The guides went nuts. This almost never happens. “You can’t really compare because you have nothing to compare with, but really this is amazing kid” Our friend added, “This is a story son to tell your grand kids.”

It was the only grouse anybody got all day. He felt good. Proud. He knew it hadn’t been a fluke. He got it. Pretty soon he added a woodcock to his sack. He is apparently made for this. The hunter gatherer instinct is alive and well. Darwin probably would have predicted it. ADHD, always scanning, always moving. He is hard wired for this.
Now he is planning a Vermont surf and turf dinner with Mettowee Rainbow Trout and Killington Mountain Grouse on the menu.

And you can just guess what’s on his Christmas list…..

    Comments

  • Library Lady


    I come from a family of hunters and fishermen. My grandfather was an excellent quail hunter and my dad and brother were great fishermen. My brother caught a huge rainbow trout on 8-pound test line, whatever that means. We always had hunting dogs in our lives, and the men always came home with game which my grandmother did a wonderful job of cooking. (Of course, she and my mother and I always had steaks while the men ate what they killeed!)

  • Kate


    This is awesome! THe friends he will make while hunting will become the lifelong kind. You don't spend hours in the woods with a bunch of guys without getting some sort of comaraderie. I was terrified of guns my whole life and then I moved to South Dakota. Where everyone has a gun. If not multiple ones for all different kinds of game. So, my recovery dad took me out one afternoon to teach me how to shoot a rifle. So I would at least know how if I needed to in these wild climes. And well? I didn't really LIKE it, but I learned a skill. And I'm no longer terrified of guns.

    And there's nothing like fresh pheasant. Totally different taste and fun to experiment with.

  • Molly


    So I sort of loathe the whole idea of hunting. I know it is narrow minded of me since I eat some meat and wear leather shoes. I want to be a vegetarian.

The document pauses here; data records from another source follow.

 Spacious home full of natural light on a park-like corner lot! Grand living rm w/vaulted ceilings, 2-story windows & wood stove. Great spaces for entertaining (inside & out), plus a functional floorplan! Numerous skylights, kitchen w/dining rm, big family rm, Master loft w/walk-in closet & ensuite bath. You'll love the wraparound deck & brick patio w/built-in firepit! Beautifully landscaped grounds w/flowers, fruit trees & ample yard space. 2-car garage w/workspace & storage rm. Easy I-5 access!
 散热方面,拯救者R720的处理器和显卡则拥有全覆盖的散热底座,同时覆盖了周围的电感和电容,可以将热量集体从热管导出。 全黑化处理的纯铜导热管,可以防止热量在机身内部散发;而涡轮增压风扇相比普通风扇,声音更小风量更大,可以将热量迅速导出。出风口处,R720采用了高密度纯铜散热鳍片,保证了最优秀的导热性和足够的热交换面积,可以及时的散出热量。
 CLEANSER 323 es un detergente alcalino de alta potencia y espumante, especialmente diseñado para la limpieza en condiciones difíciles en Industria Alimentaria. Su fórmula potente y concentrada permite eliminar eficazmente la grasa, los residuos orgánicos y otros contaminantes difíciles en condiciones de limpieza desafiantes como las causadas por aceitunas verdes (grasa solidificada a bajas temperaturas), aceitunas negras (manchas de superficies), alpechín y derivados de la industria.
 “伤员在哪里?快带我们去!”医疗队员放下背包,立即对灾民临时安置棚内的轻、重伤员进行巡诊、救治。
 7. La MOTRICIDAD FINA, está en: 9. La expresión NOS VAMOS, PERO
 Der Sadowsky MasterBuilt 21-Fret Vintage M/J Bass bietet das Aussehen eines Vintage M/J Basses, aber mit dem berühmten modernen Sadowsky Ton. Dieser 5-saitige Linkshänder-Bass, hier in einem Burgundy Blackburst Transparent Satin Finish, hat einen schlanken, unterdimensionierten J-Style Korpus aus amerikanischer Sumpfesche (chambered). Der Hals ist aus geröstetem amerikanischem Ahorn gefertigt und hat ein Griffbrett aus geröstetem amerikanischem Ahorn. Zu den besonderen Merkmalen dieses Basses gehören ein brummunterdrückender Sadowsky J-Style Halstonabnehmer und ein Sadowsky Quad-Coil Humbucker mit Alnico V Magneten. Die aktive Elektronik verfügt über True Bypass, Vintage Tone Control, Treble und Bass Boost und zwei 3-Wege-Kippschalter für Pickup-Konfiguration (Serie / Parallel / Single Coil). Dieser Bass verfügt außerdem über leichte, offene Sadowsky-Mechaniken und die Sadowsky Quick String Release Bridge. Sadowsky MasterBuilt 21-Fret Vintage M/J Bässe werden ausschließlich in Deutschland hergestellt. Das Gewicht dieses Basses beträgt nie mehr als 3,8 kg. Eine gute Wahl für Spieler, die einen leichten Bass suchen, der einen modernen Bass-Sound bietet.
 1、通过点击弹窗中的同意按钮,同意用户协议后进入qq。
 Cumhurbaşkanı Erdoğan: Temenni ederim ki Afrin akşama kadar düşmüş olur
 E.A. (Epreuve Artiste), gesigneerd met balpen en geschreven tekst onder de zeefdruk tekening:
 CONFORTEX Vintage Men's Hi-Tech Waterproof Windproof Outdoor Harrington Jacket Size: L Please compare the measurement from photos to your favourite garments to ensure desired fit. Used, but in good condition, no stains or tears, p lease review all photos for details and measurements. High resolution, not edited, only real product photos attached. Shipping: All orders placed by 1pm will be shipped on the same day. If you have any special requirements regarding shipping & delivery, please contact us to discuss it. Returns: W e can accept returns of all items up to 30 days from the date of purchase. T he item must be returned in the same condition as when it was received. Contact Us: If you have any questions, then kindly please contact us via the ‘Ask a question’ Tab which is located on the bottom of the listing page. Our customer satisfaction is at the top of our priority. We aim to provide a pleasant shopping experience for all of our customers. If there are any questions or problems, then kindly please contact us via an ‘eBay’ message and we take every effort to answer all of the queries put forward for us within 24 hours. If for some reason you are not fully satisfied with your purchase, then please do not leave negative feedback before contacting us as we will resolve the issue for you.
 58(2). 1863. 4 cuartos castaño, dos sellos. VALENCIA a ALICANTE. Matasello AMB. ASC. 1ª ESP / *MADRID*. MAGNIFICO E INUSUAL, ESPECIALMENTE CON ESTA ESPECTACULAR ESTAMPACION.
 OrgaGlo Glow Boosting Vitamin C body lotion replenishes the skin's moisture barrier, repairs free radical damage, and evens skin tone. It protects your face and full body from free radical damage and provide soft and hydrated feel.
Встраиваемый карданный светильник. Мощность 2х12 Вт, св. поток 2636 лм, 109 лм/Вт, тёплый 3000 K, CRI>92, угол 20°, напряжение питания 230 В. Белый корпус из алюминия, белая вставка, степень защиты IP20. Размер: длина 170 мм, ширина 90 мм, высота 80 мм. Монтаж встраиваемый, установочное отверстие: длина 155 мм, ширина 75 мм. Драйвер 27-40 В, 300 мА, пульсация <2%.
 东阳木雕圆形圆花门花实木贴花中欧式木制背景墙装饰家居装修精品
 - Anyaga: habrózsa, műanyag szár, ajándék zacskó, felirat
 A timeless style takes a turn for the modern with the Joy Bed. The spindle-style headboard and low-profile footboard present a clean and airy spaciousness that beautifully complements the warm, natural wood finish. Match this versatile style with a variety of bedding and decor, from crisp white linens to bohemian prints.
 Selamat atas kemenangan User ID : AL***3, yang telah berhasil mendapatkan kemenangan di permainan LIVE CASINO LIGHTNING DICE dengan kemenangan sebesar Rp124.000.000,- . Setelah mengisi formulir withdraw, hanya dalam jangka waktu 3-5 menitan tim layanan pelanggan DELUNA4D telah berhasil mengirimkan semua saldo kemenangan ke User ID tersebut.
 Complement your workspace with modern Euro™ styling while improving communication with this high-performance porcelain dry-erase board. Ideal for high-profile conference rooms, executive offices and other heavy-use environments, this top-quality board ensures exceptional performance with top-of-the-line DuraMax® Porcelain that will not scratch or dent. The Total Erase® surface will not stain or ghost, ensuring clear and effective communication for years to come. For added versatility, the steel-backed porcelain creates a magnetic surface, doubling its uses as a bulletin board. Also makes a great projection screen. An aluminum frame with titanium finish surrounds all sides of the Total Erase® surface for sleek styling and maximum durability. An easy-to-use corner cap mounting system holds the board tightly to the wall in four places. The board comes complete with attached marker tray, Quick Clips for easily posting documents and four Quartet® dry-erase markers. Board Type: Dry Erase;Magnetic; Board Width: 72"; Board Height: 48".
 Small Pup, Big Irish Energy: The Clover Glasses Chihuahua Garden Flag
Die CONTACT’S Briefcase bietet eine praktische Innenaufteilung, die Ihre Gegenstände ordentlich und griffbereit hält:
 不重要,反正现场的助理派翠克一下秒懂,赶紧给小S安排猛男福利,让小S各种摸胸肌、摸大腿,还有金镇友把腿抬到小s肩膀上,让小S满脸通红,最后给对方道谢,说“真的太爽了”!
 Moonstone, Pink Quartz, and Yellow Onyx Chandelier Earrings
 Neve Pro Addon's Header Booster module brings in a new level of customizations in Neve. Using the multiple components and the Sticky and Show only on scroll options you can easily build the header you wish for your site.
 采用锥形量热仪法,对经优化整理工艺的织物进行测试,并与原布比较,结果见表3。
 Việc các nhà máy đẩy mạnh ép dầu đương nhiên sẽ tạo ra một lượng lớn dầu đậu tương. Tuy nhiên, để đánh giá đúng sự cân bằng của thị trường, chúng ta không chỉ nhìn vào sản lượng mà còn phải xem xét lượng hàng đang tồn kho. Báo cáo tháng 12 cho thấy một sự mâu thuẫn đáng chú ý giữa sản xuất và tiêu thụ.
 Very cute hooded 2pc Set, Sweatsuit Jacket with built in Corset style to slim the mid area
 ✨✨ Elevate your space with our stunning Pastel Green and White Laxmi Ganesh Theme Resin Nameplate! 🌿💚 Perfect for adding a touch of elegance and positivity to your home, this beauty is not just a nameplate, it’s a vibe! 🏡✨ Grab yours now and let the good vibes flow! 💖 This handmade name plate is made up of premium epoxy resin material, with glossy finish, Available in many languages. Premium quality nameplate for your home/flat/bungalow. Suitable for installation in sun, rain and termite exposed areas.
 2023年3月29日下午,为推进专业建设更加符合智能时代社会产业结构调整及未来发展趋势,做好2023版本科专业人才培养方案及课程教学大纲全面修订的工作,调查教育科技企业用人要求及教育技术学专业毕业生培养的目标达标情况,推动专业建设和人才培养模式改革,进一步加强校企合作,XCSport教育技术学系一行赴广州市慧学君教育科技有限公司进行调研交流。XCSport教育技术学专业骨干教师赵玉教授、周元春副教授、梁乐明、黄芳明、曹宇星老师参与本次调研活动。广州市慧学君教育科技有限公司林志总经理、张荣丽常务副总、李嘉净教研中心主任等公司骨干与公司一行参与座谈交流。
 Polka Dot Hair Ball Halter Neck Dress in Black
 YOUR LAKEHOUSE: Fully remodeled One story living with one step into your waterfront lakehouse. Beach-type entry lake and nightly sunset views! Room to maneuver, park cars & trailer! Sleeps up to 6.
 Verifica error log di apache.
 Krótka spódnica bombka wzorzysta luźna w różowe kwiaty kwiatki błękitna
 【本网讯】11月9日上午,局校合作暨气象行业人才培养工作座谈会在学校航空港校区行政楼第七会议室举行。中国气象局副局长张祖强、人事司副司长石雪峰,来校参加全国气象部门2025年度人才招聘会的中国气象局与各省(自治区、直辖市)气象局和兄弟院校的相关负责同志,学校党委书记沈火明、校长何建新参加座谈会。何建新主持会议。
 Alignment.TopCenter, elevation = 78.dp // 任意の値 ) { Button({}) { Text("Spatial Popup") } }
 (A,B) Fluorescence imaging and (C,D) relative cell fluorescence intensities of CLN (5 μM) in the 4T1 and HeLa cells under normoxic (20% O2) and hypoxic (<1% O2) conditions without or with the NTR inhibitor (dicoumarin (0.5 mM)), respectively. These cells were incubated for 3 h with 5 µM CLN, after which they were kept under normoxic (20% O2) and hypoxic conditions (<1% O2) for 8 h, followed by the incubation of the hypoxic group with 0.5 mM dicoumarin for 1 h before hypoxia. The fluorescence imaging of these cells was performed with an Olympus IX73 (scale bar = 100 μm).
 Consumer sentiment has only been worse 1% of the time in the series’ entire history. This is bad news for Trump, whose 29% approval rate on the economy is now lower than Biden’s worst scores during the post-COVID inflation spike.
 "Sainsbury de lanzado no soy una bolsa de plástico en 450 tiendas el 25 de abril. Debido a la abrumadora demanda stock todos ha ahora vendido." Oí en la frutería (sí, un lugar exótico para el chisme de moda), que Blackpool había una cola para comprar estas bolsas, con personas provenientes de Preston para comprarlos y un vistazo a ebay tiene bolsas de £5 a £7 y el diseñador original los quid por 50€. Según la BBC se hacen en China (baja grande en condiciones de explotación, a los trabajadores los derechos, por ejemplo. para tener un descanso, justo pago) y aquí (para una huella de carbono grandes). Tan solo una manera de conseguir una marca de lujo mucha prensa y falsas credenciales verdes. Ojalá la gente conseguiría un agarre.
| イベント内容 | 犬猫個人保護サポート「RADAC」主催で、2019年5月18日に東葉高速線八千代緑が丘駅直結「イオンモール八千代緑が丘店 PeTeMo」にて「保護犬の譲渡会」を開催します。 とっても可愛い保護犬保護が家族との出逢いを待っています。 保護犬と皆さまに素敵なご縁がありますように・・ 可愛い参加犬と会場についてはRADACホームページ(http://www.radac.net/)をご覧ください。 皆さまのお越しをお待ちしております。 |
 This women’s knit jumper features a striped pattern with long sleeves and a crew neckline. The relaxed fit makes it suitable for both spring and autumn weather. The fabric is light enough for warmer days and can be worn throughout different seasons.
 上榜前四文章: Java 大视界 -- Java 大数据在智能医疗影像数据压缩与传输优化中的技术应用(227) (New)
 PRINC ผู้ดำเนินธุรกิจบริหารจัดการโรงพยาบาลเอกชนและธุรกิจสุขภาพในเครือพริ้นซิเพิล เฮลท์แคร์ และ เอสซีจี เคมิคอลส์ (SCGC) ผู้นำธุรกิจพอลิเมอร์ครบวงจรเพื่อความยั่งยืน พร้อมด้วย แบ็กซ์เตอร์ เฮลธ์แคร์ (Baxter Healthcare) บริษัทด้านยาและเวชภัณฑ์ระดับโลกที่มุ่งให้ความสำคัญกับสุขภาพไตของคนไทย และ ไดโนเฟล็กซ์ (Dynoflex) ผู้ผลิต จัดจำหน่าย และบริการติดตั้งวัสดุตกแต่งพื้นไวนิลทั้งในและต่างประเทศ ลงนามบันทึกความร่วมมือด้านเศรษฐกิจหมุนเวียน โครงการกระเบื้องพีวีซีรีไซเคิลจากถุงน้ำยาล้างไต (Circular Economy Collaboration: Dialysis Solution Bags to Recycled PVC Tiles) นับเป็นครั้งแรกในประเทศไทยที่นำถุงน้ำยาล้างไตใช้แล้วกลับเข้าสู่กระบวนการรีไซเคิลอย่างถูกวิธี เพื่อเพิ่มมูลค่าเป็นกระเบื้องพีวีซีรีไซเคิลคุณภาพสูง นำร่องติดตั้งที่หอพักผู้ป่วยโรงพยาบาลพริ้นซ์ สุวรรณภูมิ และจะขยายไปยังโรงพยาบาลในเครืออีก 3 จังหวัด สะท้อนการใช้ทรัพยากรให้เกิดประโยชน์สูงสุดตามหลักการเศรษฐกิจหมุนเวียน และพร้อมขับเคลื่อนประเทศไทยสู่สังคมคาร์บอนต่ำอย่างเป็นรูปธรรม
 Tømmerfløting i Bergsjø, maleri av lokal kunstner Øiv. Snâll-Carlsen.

Course I want to be skinny too.
    But I totally get what you are saying here and why you are cheering this moment in his evolution.
    You are a good mom who could probably cheer them if they won an election as a Republican!

  • Casdok


    I can see where ADHD would come in handly for this!

  • painted maypole


    ha. 🙂

    i'll never forget a persuasive speech a kid did in my high school speech class about deer hunting… and about how it helps thin out the population so that those who remain don't starve do death during the long cold winter. about how we have thinned out their natural predators, and so hunting is needed. It really changed my attitude towards huntings.

    And indeed, if I eat meat, i know it is an animal who died. And at least it can be an animal who lived wild, who was part of the ecosystem, the circle of life. and not just raised in some barn somewhere.

    still, i don't think I could do it myself.